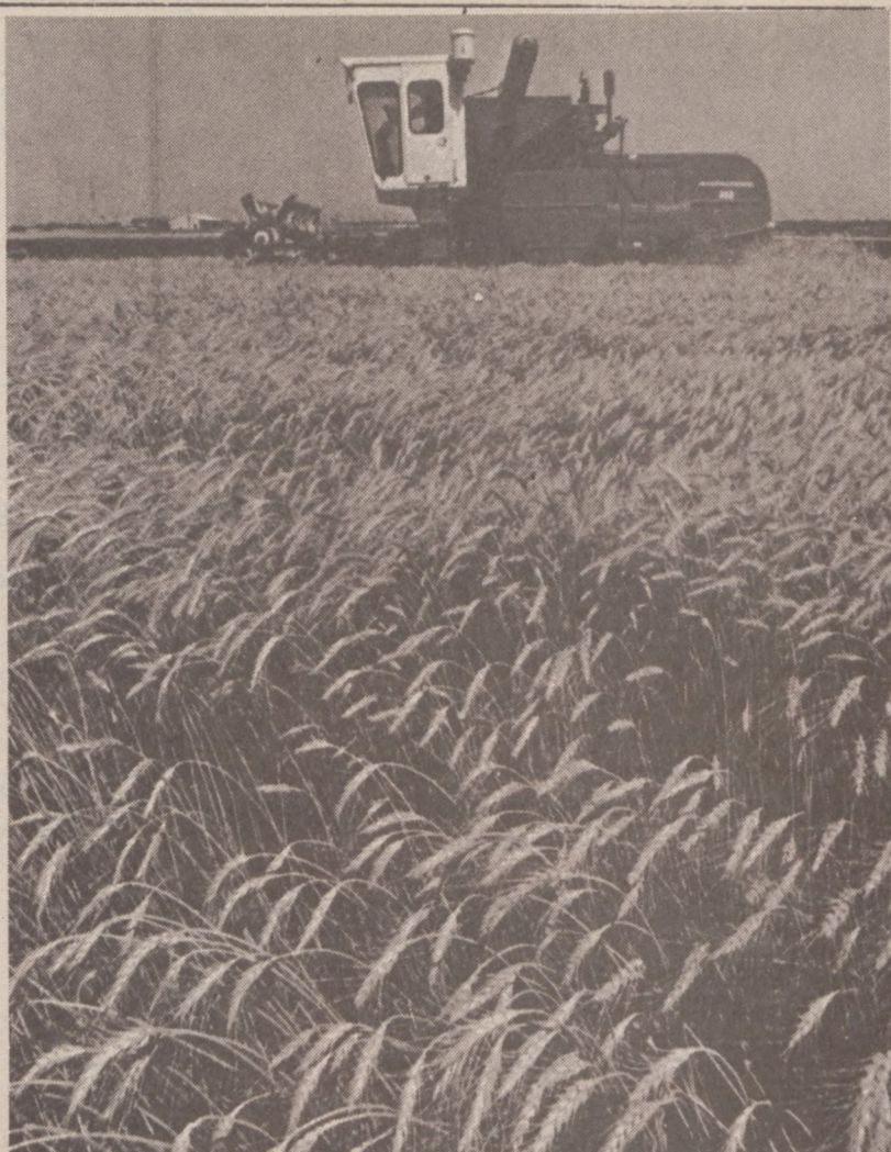
DALLAS, TEKSAS. — Susza jaka nawiedziła duże obszary Stanów Zjednoczonych wpłynęła niekorzystnie na zbiory zbóż. Na zdjęciu żniwa w okolicach Dallas.
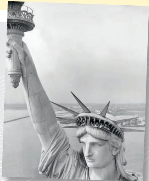
Die Freiheitsstatue in New York in den 50er-Jahren – ein Sehnsuchtsort für Touristen und Auswanderer.

In der zweiten Hälfte der 1950er-Jahre erlebt Deutschland nochmals eine größere Auswanderungswelle. Ein hoher Dollarkurs und die Chance zu schnellem
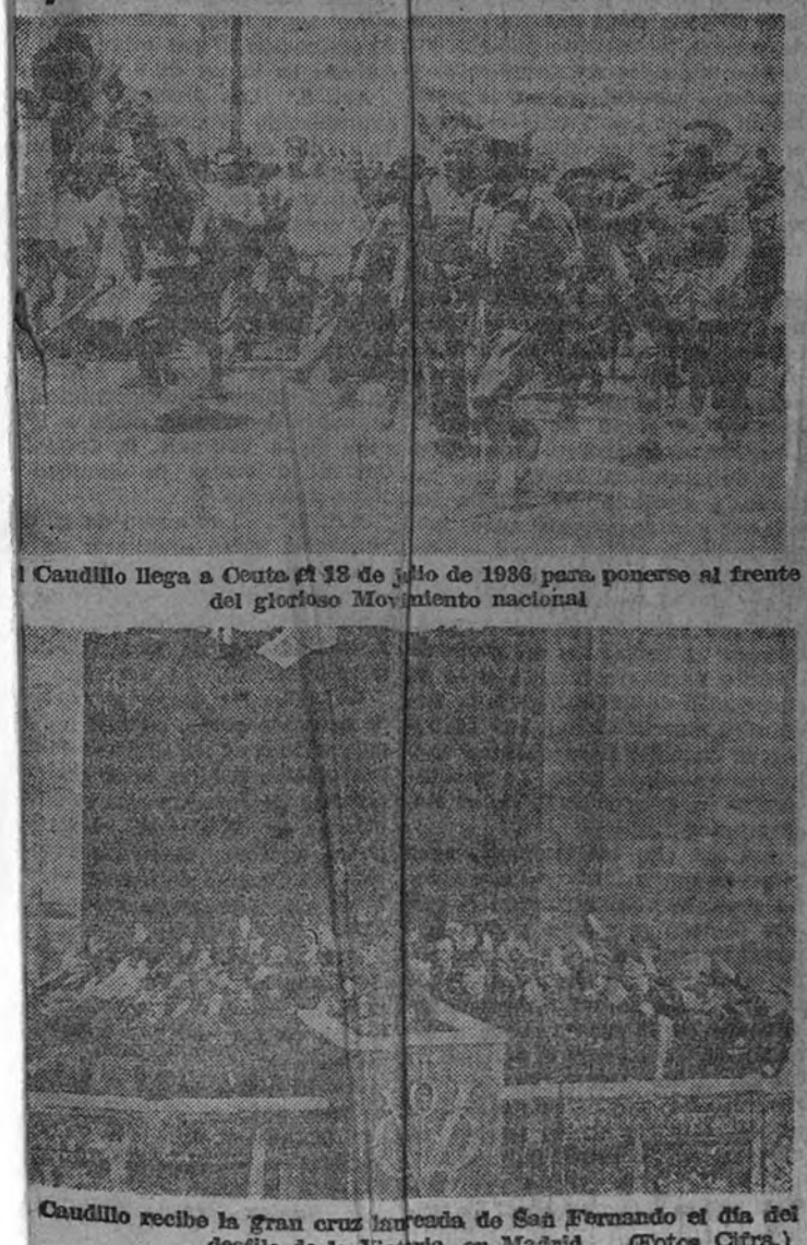
Caudillo llega a Cádiz el 18 de julio de 1936 para ponerse al frente del glorioso Movimiento nacional

Franco, en el primer día de la guerra y en la coronación de la victoria
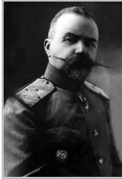
Генерал Е.К. Миллер

ного округа 73 у Плеве 74 , у Плеве же был начальником штаба главнокомандующего Северным фронтом 75 , командовал одним из корпусов на румынской границе и там был ранен в голову озверевшими солдатами на одном из митингов 76 . Сколько я знал, Е.К. Миллер был добрейший
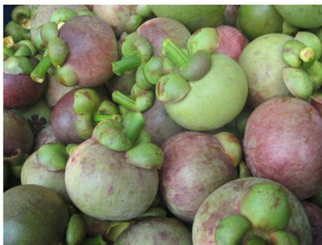
ภาพที่ 2 ลักษณะมังคุดที่เป็นที่ต้องการของพ่อค้าคนกลาง ช่องทางการจัดจำหน่าย ผลผลิตจากการทำสวนมังคุดสามารถอธิบายเป็นภาพดังนี้
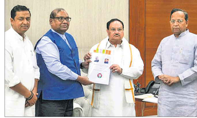
ଭାଜପା କେନ୍ଦ୍ରୀୟ ଫ୍ୟାକ୍ ଫାଇଲ୍ ଚିମ୍ ସମ୍ବଲପୁର ହିଂସା ଘଟଣାର ରିପୋର୍ଟ ଦୂଆଦିଲ୍ଲୀଠାରେ ମଙ୍ଗଳବାର ରାଷ୍ଟ୍ରୀୟ ଅଧକ୍ଷ ଜେ.ପି.ନନ୍ଦାଙ୍କୁ ପ୍ରଦାନ କରାଯାଇଛି।
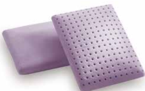
mod. FRANCIA cm.30x40x8
====
EXERCISE AIM:
Exactly repeat the data above; the pictures do not belong in your copy.

RESULT OF THIS TASK:
DALLAS, TEKSAS. — Susza jaka nawiedziła duże obszary Stanów Zjednoczonych wpłynęła niekorzystnie na zbiory zbóż. Na zdjęciu żniwa w okolicach Dallas.
Die Freiheitsstatue in New York in den 50er-Jahren – ein Sehnsuchtsort für Touristen und Auswanderer.

In der zweiten Hälfte der 1950er-Jahre erlebt Deutschland nochmals eine größere Auswanderungswelle. Ein hoher Dollarkurs und die Chance zu schnellem
Caudillo llega a Cádiz el 18 de julio de 1936 para ponerse al frente del glorioso Movimiento nacional

Franco, en el primer día de la guerra y en la coronación de la victoria
Генерал Е.К. Миллер

ного округа 73 у Плеве 74 , у Плеве же был начальником штаба главнокомандующего Северным фронтом 75 , командовал одним из корпусов на румынской границе и там был ранен в голову озверевшими солдатами на одном из митингов 76 . Сколько я знал, Е.К. Миллер был добрейший
ภาพที่ 2 ลักษณะมังคุดที่เป็นที่ต้องการของพ่อค้าคนกลาง ช่องทางการจัดจำหน่าย ผลผลิตจากการทำสวนมังคุดสามารถอธิบายเป็นภาพดังนี้
ଭାଜପା କେନ୍ଦ୍ରୀୟ ଫ୍ୟାକ୍ ଫାଇଲ୍ ଚିମ୍ ସମ୍ବଲପୁର ହିଂସା ଘଟଣାର ରିପୋର୍ଟ ଦୂଆଦିଲ୍ଲୀଠାରେ ମଙ୍ଗଳବାର ରାଷ୍ଟ୍ରୀୟ ଅଧକ୍ଷ ଜେ.ପି.ନନ୍ଦାଙ୍କୁ ପ୍ରଦାନ କରାଯାଇଛି।
mod. FRANCIA cm.30x40x8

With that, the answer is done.